Michelet already warned against an overly negative attitude towards minions. Although Dodu called them “ministers of his voluptuousness,” it is likely that neither they nor the king were homosexuals. Here it is worth quoting the weighty words of Chevalier: “Henry III and his favorites are an unfounded and slanderous legend.”

Other characteristics of the king, partly inherited by him from the Medici family, also served as a target for criticism over the centuries - a passion for luxurious fancy clothing, jewelry, and incense.

He had a clear understanding of beauty and elegance, but was prone to rather flirtatious forms of self-expression. He loved carnivals, balls and masquerades, appreciated literature, poetry and theater, while caring about the preservation of court ceremonial and etiquette.

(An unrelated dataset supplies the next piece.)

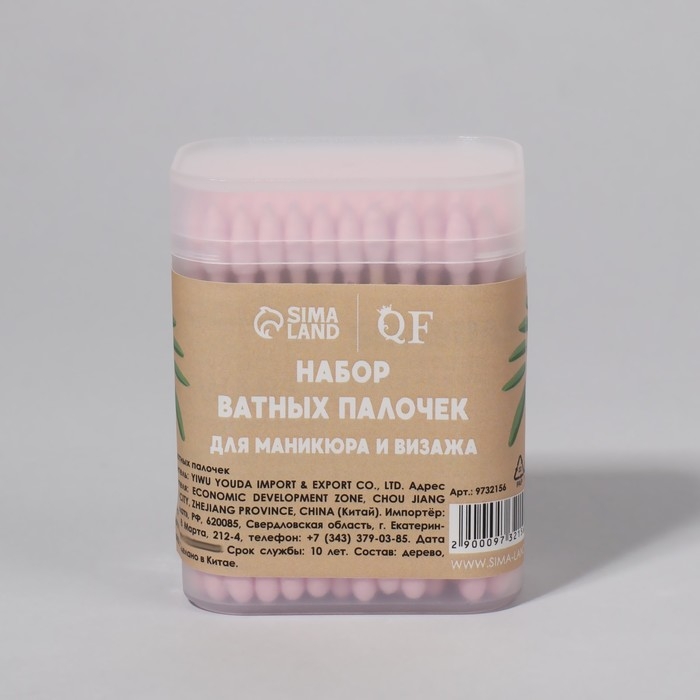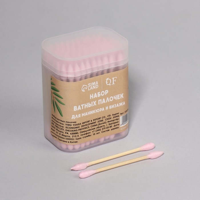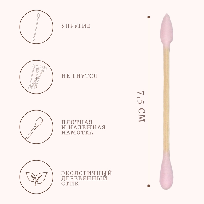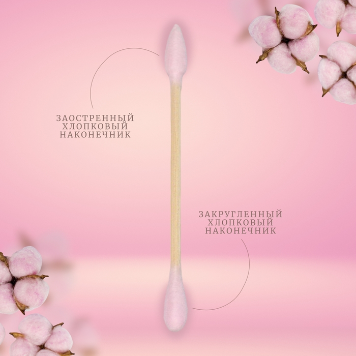 Ватные палочки на деревянной основе, заострённые, 7, 5 см, 100 шт, цвет розовый

On some occasions he willingly outlined detailed rules and regulations - for example, when he founded the Knightly Catholic Order of the Holy Spirit in 1578.

Henry loved small dogs, of which he had several hundred, rare birds and exotic animals. He valued the usual entertainments of nobles - knightly tournaments, fencing, and hunting - less. Sometimes the king surprised his entourage with children's games like bilboke - a game in which you need to pick up a ball with a sharp end or a curved stick. He enjoyed carving miniatures, which he later used as decorations.

On the other hand, Heinrich had increased nervous sensitivity and, as a result, a predisposition to disease. His childlessness and worries about the moral decline of the kingdom torn by civil war led him to deep piety in 1582/83. The desire to openly demonstrate his piety, which, perhaps, also had a political background, the desire to give everything some kind of mystical shine, prompted him until about 1587 to take part in processions, often in a white hair shirt, especially in the processions founded by Henry himself in March 1583 "Brotherhood of Penitent Sinners of Our Lady of the Annunciation." The members of this brotherhood - including both archimignons, many courtiers, members of parliament and noble citizens - wore a white Capuchin robe made of Dutch wool with two holes for the eyes. Shortly before a new outbreak of civil war, when Henry saw the final collapse of his policy of compromise and experienced a period of deep melancholy, he founded, this time without noise or show, the “Brotherhood of the Death and Passion of Our Lord Jesus Christ.” This small community met on Fridays in the Louvre, where they prayed together, sang psalms and spent time in spiritual exercises, penance and even self-flagellation.

From his very first stay at the Pauline monastery and January 1583, Henry retreated more and more from the world. He felt great behind the monastery walls, and was happy with what the monks themselves were content with. He ordered the reconstruction and expansion of the old Hieronymite monastery in the Bois de Vincennes, where several cells were reserved for him and his often very large retinue (since, in spite of everything, he did not let political issues out of his sight). From 1584, Henry regularly spent several days in this monastery for three years, which was later transferred to the Paulines. It is unlikely that Henry found understanding with anyone: Catherine, his wife or his subjects. Even the pope did not approve of Henry, whom his contemporaries sometimes called the monk king.

This certainly exaggerated religious zeal, reaching the point of excesses, was associated with a characteristic feature of the king, which he himself once expressed as follows: “What I love, I love to the end.” This was the real weakness of the king: his nervous constitution often led him to extremes. Whatever the king did, due to his temperament, he indulged in it excessively.

Many of the king's ways of spending his time indicate his extravagance, which was based on certain character traits. Although his ingenuousness was obvious, it was sometimes funny and aroused ridicule and anger among his opponents. Henry was an unusual child for his time and his parents. However, for centuries no one was willing to admit this.